On-chain data analyzed by blockchain intelligence firm TRM Labs details how the token launch arrangement operated at the token level. $LIBRA is an SPL token on the Solana blockchain (contract: Bo9jh3wsmcC2AjakLWzNmKJ3SgtZmXEcSaW7L2FAvUsU), with liquidity managed through the Meteora DeFi protocol. Roughly 85% of the token supply was withheld from public circulation at launch. One address received 1 million $LIBRA tokens approximately 20 minutes before Milei's announcement, which were then deposited into a Meteora liquidity pool. Insiders collectively extracted an estimated $87 million to $107 million, including $7.8 million in SOL pulled directly from the Meteora pool. Within 48 hours of the collapse, 112 criminal complaints were filed in Argentina's Supreme Court.
The political fallout has been significant but inconsistent.

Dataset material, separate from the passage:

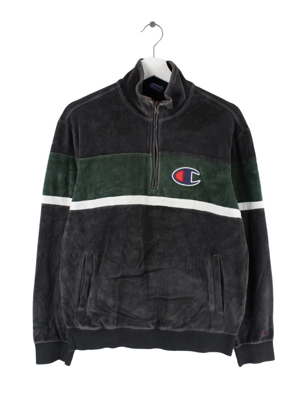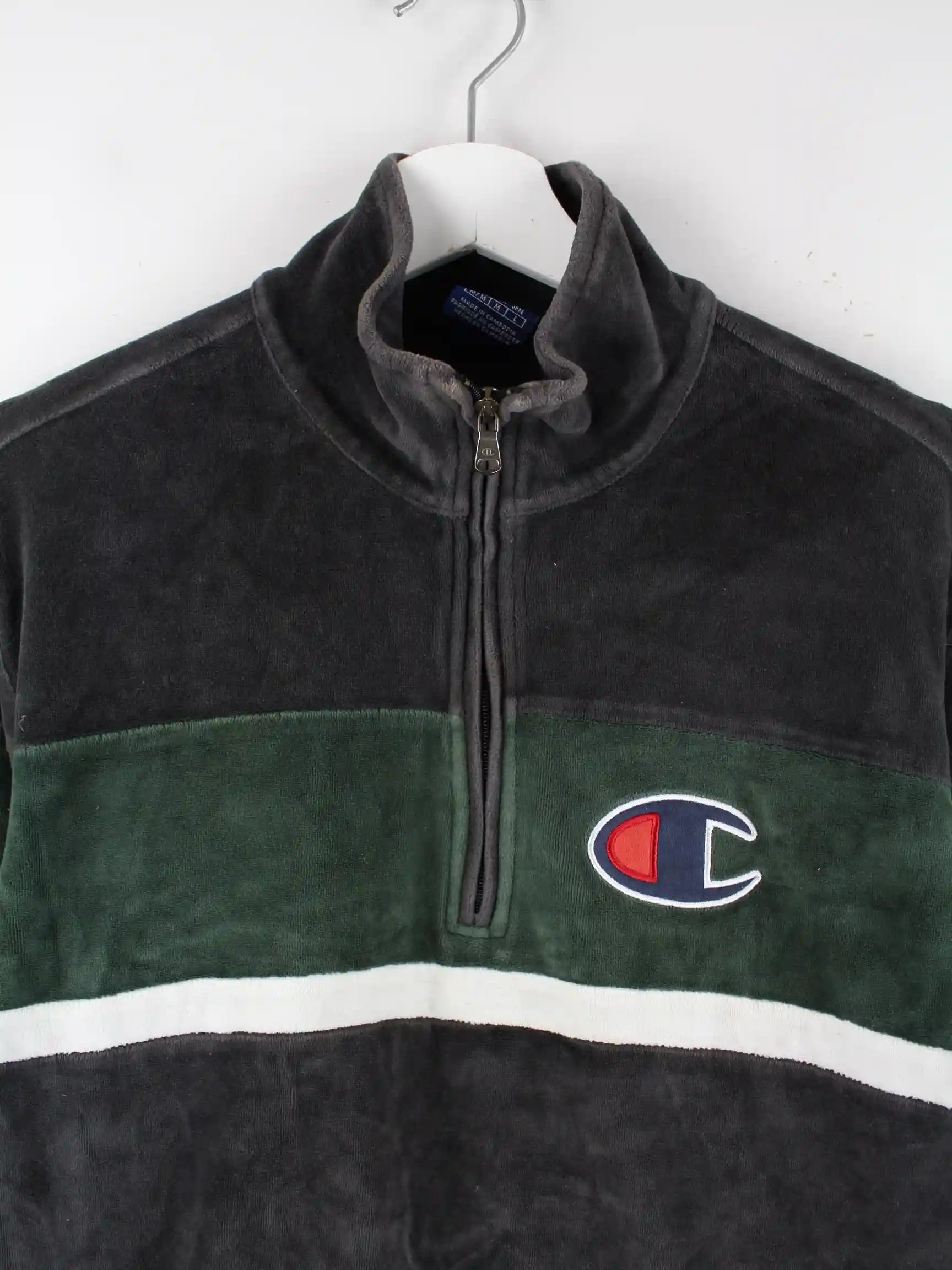 Grauer Sweater mit kurzem Reißverschluß von Champion in Größe M. Er ist aus Synthetik gemacht und in sehr gutem Zustand bei uns zu bekommen.

Argentina's congressional investigative commission assigned "political responsibility" for the collapse to both Milei and Karina Milei, citing what it called alleged fraud. The government's own Anti-Corruption Office cleared the president of violating public ethics rules; however, that investigation was initiated by Milei himself, a fact that distinguishes it from an independent body reaching the same conclusion. Milei subsequently dissolved the task force his administration had created to investigate what critics called "cryptogate." A separate federal criminal investigation remains active.

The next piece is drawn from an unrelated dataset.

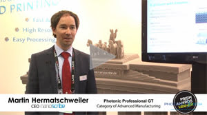 Martin Hermatschweiler, CEO, of Nanoscribe GmbH describes their new product, the Photonic Professional GT, which is the highest resolution and fastest 3-D printer on the market. Nanoscribe won the Prism Award for the Advanced Manufacturing Category.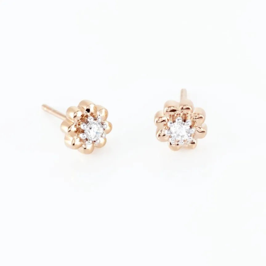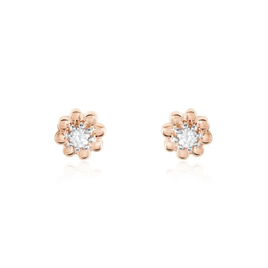 Boucles D’oreilles Puces Argent Rose 925/1000 Fleur Oxyde De Zirconium Serti Griffes

For investors and regulators outside Argentina, the case carries direct implications. Burwick Law, which is pursuing a class action in the Southern District of New York, reports its 3,800-plus plaintiffs include victims from Argentina, the United States, and other countries in the hemisphere, as well as Europe, Asia, and Africa, making this one of the most globally dispersed memecoin fraud cases on record. Argentine courts have already frozen $110 million in assets. The structural mechanics documented here, including pre-positioned insider wallets, withheld token supply, coordinated sell-offs, and political amplification, represent a replicable playbook. Retail investors in markets such as Nigeria, Kenya, India, and Pakistan, where crypto adoption is partly driven by inflation hedging and limited access to formal banking, face heightened exposure to politically endorsed tokens because regulatory protections are still forming. Argentina's own securities regulator, the Comisión Nacional de Valores (CNV), the country's National Securities Commission and its equivalent of the SEC, issued its first formal cryptocurrency rules in March 2025, one month after the collapse.
The investigation under prosecutor Taiano is continuing. No charges have been filed against Milei as of publication. Whether the draft agreement represents an executed arrangement or a proposal that never advanced remains a central question for the court.